ENTRIES SHOWN Block Start

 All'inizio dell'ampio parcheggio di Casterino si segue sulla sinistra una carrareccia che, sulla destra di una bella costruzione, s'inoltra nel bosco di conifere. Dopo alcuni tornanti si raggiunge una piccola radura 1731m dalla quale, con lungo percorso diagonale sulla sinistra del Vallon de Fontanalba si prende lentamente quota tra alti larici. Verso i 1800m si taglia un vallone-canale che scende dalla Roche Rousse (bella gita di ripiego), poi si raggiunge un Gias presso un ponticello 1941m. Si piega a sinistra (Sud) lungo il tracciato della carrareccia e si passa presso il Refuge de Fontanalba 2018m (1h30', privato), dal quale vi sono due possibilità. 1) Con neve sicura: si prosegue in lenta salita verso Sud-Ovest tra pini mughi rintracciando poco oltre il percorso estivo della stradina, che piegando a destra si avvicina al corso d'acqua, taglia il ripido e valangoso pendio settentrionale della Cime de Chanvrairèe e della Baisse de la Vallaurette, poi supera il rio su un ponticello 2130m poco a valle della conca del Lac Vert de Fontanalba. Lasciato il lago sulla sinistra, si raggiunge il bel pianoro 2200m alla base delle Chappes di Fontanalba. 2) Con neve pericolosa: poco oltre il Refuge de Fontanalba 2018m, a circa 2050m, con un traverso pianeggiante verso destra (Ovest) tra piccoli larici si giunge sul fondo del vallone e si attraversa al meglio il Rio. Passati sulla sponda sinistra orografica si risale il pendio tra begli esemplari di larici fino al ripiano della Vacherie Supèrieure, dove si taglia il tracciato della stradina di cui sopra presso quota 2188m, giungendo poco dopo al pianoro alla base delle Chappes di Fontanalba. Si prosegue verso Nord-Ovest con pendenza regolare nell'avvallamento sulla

ENTRIES SHOWN Block End
ENTRIES SHOWN Block Start

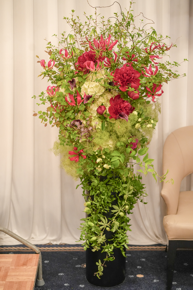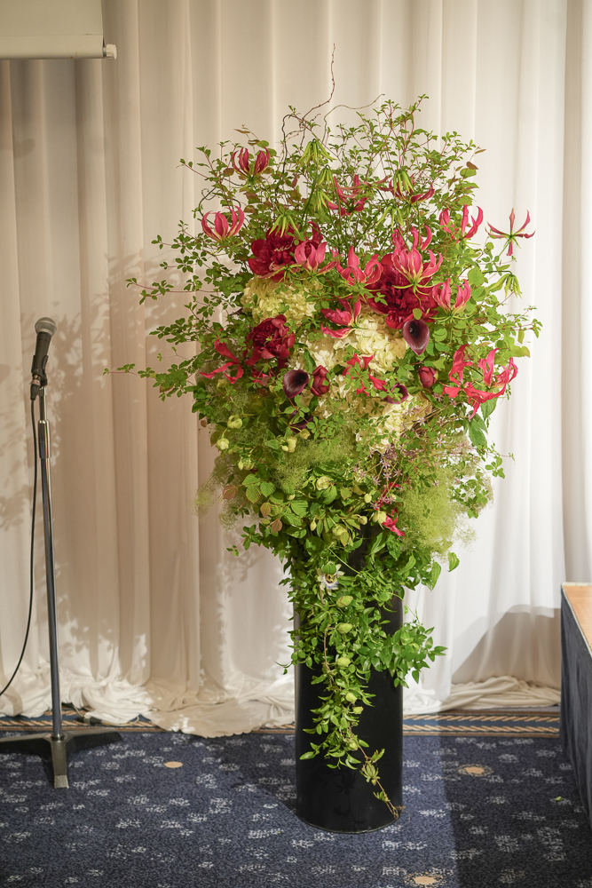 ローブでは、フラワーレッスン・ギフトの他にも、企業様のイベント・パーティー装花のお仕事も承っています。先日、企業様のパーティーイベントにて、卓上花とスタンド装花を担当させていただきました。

ENTRIES SHOWN Block End
ENTRIES SHOWN Block Start

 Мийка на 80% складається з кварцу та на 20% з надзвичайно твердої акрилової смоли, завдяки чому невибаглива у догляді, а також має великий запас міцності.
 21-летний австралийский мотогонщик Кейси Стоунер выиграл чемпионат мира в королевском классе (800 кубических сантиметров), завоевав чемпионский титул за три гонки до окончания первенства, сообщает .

ENTRIES SHOWN Block End

*BRIEF:* Only the lines above from the line with "Мийка на 80%" to the line with "21-летний австралийский мотогонщик", those two lines included, should be reproduced exactly.

*WRITTEN ANSWER:*
 Мийка на 80% складається з кварцу та на 20% з надзвичайно твердої акрилової смоли, завдяки чому невибаглива у догляді, а також має великий запас міцності.
 21-летний австралийский мотогонщик Кейси Стоунер выиграл чемпионат мира в королевском классе (800 кубических сантиметров), завоевав чемпионский титул за три гонки до окончания первенства, сообщает .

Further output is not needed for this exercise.